Problems and Prospects of Chip Sequencing

Seeing that the tweet of WeChat official account was deeply interpreted.

/s/7 bqcpr 1 bmjazhv 408-sv6Q

Chromatin immunoprecipitation sequencing (ChIP-seq) is a genome-wide analysis technique for DNA binding proteins, histone modifications or nucleosomes. With the reduction of sequencing cost, ChIP-seq has become an indispensable tool to study gene regulation and epigenetic mechanism. In this paper, we summarize the previous contents, and analyze the problems that ChIP-seq needs to pay attention to at this stage and how to make better use of this technology to obtain research results.

Although formaldehyde is a cross-linking agent with high permeability, its cross-linking efficiency is low because its reactivity is limited to amine. For mammalian cells, the maximum cross-linking efficiency is only 1%. Protein with a residence time of less than 5 seconds on DNA cannot be cross-linked by protein. In addition, formaldehyde will cause many other unrelated protein to cross-link to DNA, which will affect the subsequent analysis data. It has been reported that formaldehyde crosslinking will trigger DNA damage reaction mechanism, thus changing chromatin composition, and then making the chip results biased. Because the cross-linking reaction will be reversed under heating and low PH, the stability of DNA-protein cross-linking complex is also a problem worthy of attention.

According to the presence or absence of formaldehyde crosslinking step, the slices can be divided into two types. One is formaldehyde cross-linked X-ChIP (cross-linking and mechanical shear slicing). The other is a chip without cross-linking, that is, a native-chip; Compared with X chip, N chip has many advantages: (1) high resolution; (2) avoiding the enrichment of nonspecific protein on DNA caused by formaldehyde crosslinking; (3) avoiding formaldehyde cross-linking to resist the coverage of antigenic epitopes; (4) Reduced sample loss. Because mnase is used, N-chip is only suitable for studying histone modification, not transcription factors.

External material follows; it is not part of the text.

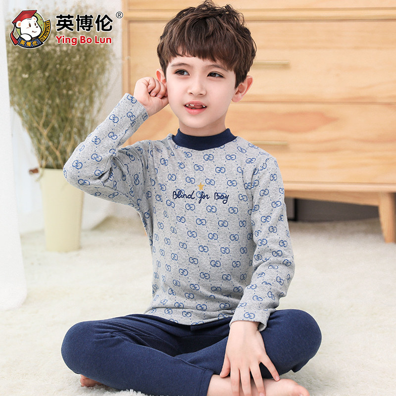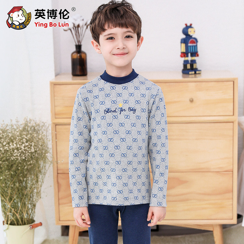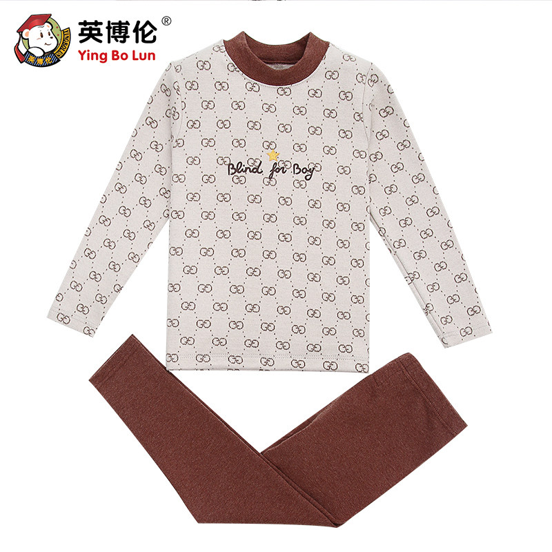 英博伦 Зимнее нижнее белье для мальчиков, бархатный комплект, детская удерживающая тепло утепленный лонгслив, термобелье, свитер, подходит для подростков, увеличенная толщина

The commonly used lyase is MNase, that is, micrococcus nuclease, which can degrade the DNA sequence of nucleosome junction region; MNase digestion of chromatin can release independent nucleosomes. MNase enzymatic hydrolysis has some limitations: (1) tends to cut the A/T base site, which makes the expression of nucleosome A/T enrichment region lower than the real situation; (2)MNase can't cut accurately at the nucleosome boundary, which leads to the difference between the open position of chromosome and the real situation; (3)MNase tends to digest fragile nucleosomes; (4) (4) The DNA fragment obtained by MNASE is relatively short, which makes it difficult for PCR amplification and detection of subsequent samples.

Some studies believe that ultrasonic interruption is not as mild as enzyme digestion, and uneven interruption will lead to high background noise of sequencing results, which will affect subsequent data analysis. When the interruption mode is selected, (1) if the protein studied is highly expressed and closely bound to DNA, such as histone, then the sample does not need to be crosslinked, and enzymolysis can be used; (2) If the expression abundance of protein studied is low or it is not closely bound to DNA, such as transcription factor, it is best to fix the sample with cross-linking agent to stabilize the protein and DNA morphology. In this case, ultrasonic crushing is the best.

ChIP-seq data can be used to analyze different cell types, and the information of these cell types can be used to infer the dynamic information of genome or annotate the epigenetic map of cell types with some experimental data. More and more studies show that epigenetic information is highly correlated with gene expression and chromosome conformation, and can be used to predict gene expression and chromosome conformation. In this section, we briefly introduce the advanced application tools of histone modified chip sequence analysis.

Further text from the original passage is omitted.